INPUT DATA:
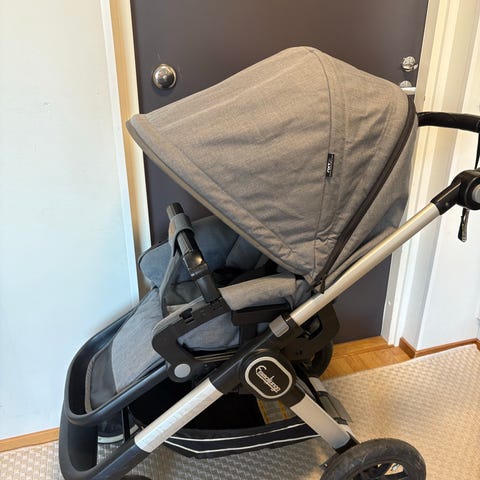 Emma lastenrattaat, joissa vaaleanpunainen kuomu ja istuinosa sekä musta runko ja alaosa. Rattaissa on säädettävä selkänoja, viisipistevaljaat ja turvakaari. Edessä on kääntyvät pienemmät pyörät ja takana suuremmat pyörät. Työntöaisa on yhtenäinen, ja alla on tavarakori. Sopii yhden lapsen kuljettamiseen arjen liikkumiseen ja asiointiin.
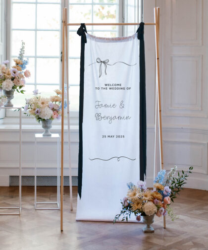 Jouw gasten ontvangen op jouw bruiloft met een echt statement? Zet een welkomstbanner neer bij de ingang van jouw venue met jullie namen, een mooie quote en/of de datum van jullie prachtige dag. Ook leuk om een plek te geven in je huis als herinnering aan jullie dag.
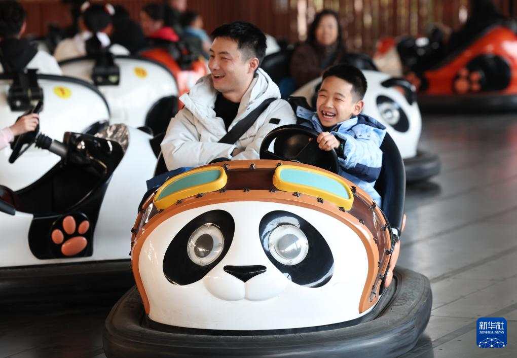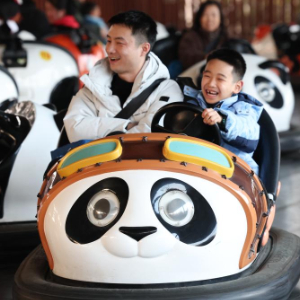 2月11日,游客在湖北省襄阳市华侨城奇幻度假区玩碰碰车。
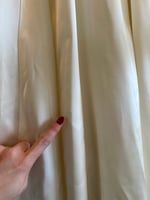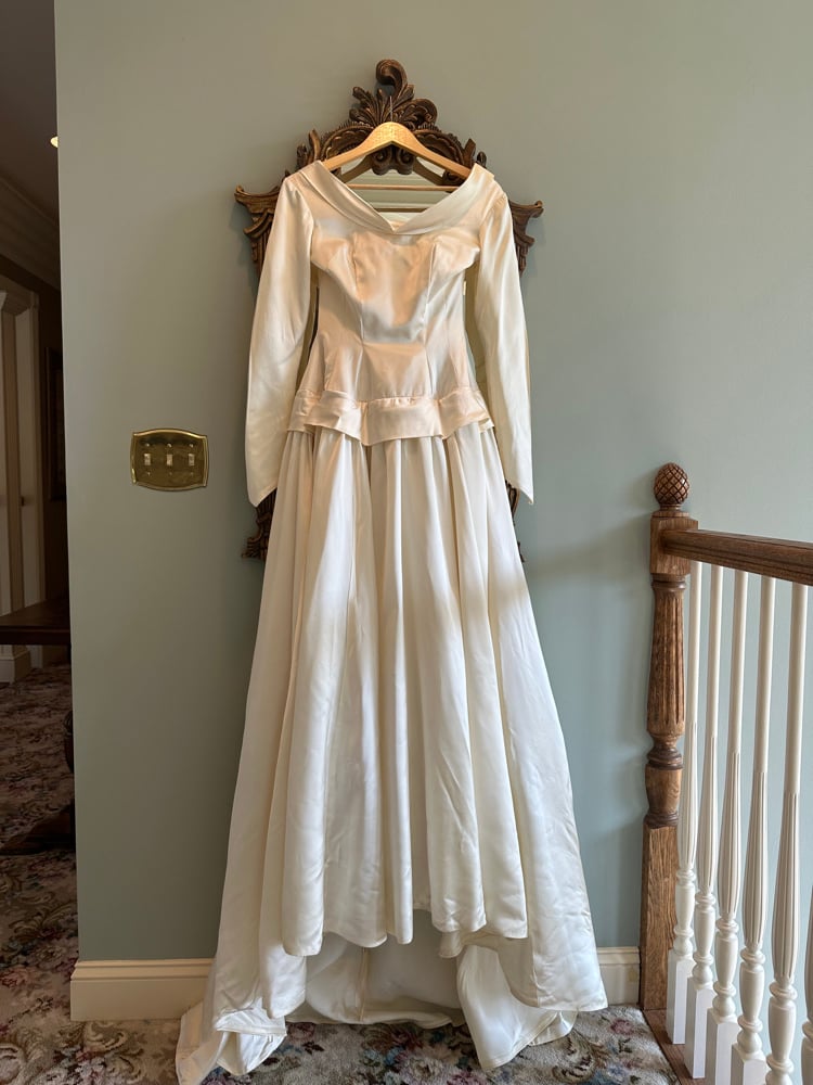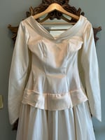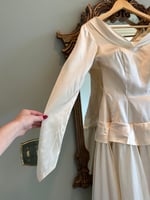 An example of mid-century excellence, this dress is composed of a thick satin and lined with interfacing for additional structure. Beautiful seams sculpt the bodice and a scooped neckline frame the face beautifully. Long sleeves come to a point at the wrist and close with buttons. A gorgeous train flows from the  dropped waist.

--

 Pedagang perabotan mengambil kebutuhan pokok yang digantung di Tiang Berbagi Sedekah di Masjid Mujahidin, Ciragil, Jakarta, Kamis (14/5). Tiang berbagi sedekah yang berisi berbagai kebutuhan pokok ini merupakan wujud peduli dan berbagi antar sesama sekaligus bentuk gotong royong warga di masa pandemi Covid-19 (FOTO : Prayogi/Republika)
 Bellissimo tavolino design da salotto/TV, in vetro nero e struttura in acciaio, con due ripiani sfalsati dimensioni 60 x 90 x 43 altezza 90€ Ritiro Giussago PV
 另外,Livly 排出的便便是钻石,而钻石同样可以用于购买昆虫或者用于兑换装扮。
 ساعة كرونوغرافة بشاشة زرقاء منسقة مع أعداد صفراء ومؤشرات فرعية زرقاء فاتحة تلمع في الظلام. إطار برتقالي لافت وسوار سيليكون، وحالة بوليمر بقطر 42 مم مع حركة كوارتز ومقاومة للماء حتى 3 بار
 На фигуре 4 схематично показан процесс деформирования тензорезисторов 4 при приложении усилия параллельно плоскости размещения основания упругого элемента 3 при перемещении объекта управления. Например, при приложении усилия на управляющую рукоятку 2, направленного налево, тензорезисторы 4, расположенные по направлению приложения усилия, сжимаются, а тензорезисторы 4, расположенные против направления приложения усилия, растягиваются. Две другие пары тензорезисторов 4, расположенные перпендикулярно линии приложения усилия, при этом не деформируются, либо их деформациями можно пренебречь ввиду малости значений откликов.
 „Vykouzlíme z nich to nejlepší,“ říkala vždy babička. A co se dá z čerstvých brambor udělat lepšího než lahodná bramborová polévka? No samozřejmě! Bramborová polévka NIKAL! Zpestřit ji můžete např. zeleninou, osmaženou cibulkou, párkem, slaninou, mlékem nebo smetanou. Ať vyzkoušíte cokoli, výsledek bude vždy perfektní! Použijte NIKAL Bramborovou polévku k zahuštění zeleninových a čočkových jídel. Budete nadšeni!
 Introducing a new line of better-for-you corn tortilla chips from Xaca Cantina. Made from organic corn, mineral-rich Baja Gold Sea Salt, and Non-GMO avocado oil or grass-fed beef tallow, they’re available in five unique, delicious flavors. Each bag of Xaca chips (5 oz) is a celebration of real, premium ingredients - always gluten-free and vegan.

EXERCISE PROMPT: Please output the lines above beginning at the line with "Jouw gasten ontvangen" and ending after the line with "2月11日,游客在湖北省襄阳市华侨城奇幻度假区玩碰碰车。", precisely as written and with no pictures.

PROBLEM SOLUTION:
 Jouw gasten ontvangen op jouw bruiloft met een echt statement? Zet een welkomstbanner neer bij de ingang van jouw venue met jullie namen, een mooie quote en/of de datum van jullie prachtige dag. Ook leuk om een plek te geven in je huis als herinnering aan jullie dag.
 2月11日,游客在湖北省襄阳市华侨城奇幻度假区玩碰碰车。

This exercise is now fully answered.